____ Source material
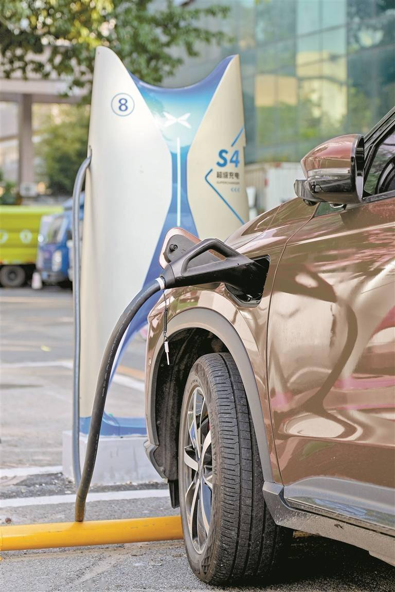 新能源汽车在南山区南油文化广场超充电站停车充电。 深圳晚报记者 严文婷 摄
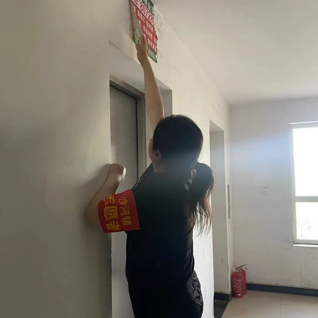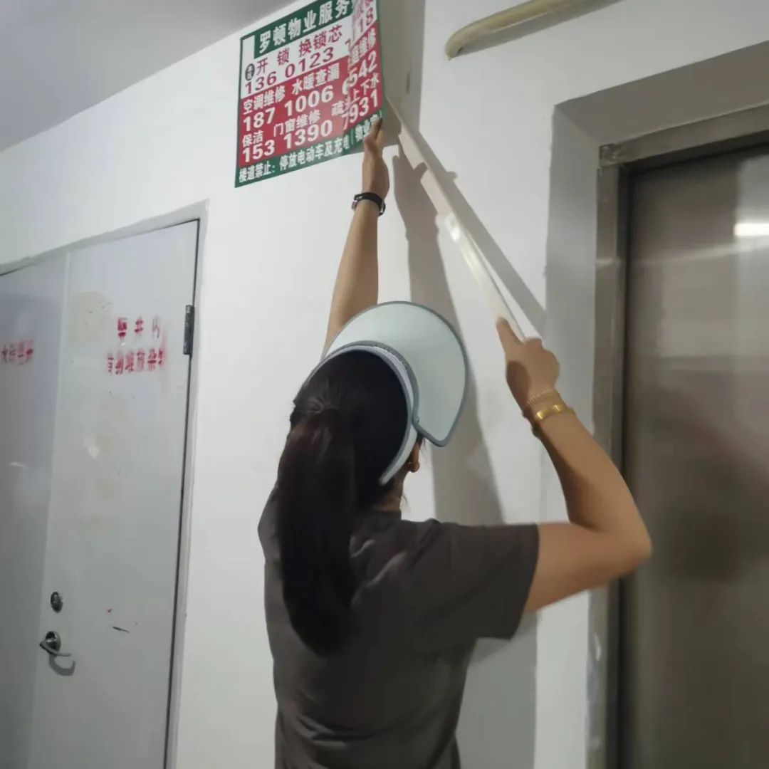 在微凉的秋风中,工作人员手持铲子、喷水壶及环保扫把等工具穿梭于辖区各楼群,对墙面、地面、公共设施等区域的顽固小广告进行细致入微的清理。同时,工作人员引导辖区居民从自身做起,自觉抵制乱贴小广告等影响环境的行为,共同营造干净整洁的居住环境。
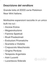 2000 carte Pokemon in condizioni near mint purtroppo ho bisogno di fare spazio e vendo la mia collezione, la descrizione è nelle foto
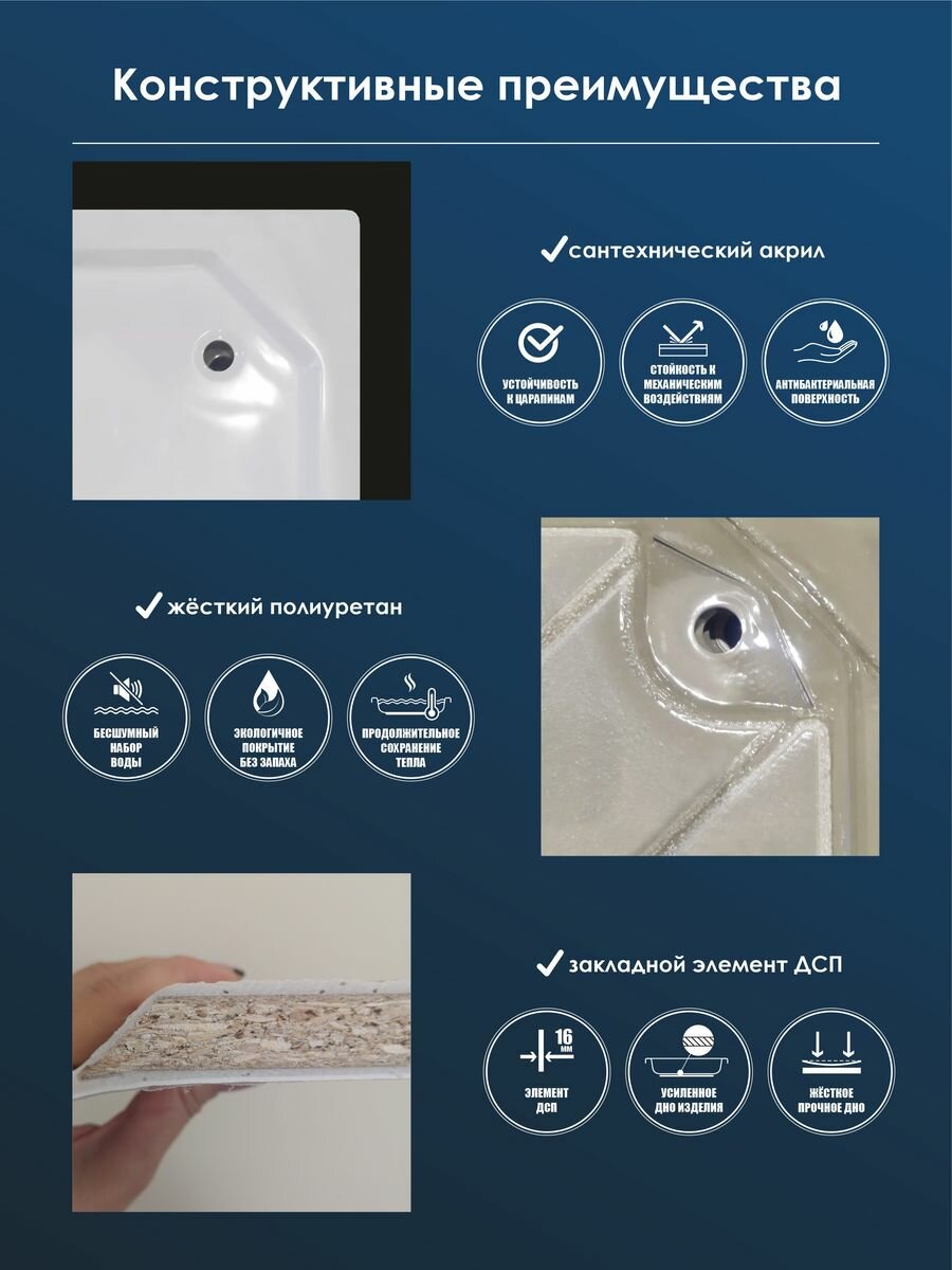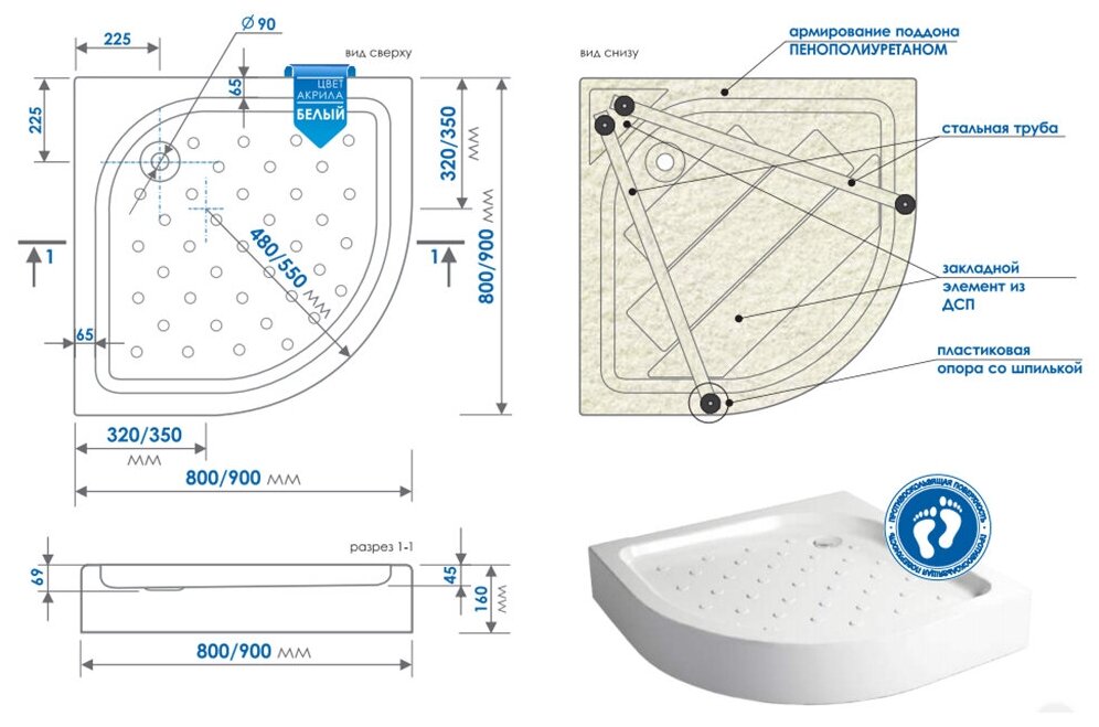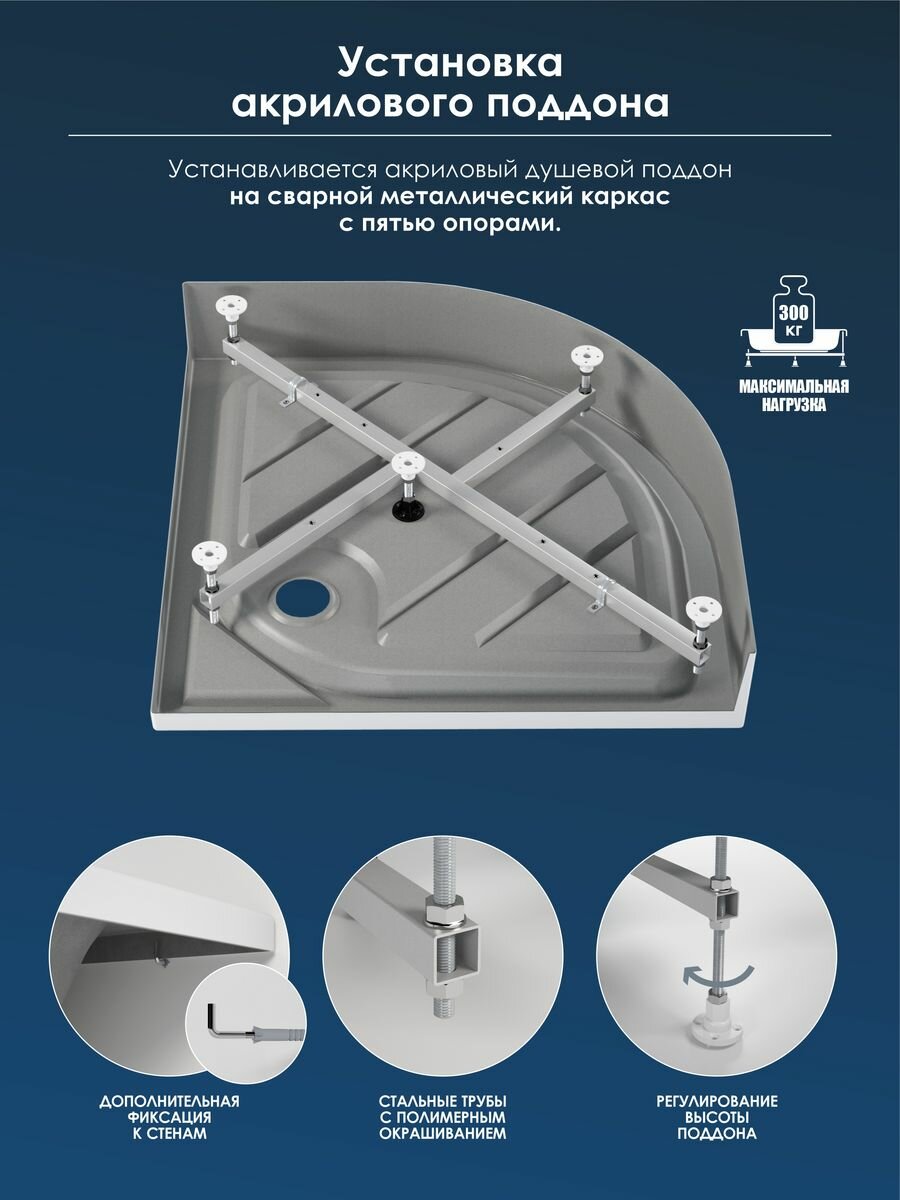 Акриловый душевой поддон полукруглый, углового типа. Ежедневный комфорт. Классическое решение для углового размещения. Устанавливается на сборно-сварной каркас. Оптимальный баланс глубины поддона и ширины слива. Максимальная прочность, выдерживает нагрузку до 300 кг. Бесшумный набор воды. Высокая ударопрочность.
________
### Problem statement
All lines from the line with "在微凉的秋风中,工作人员手持" through the final line of the listing are to be printed exactly, both ends included; the pictures are not.

### Task solution
 在微凉的秋风中,工作人员手持铲子、喷水壶及环保扫把等工具穿梭于辖区各楼群,对墙面、地面、公共设施等区域的顽固小广告进行细致入微的清理。同时,工作人员引导辖区居民从自身做起,自觉抵制乱贴小广告等影响环境的行为,共同营造干净整洁的居住环境。
 2000 carte Pokemon in condizioni near mint purtroppo ho bisogno di fare spazio e vendo la mia collezione, la descrizione è nelle foto
 Акриловый душевой поддон полукруглый, углового типа. Ежедневный комфорт. Классическое решение для углового размещения. Устанавливается на сборно-сварной каркас. Оптимальный баланс глубины поддона и ширины слива. Максимальная прочность, выдерживает нагрузку до 300 кг. Бесшумный набор воды. Высокая ударопрочность.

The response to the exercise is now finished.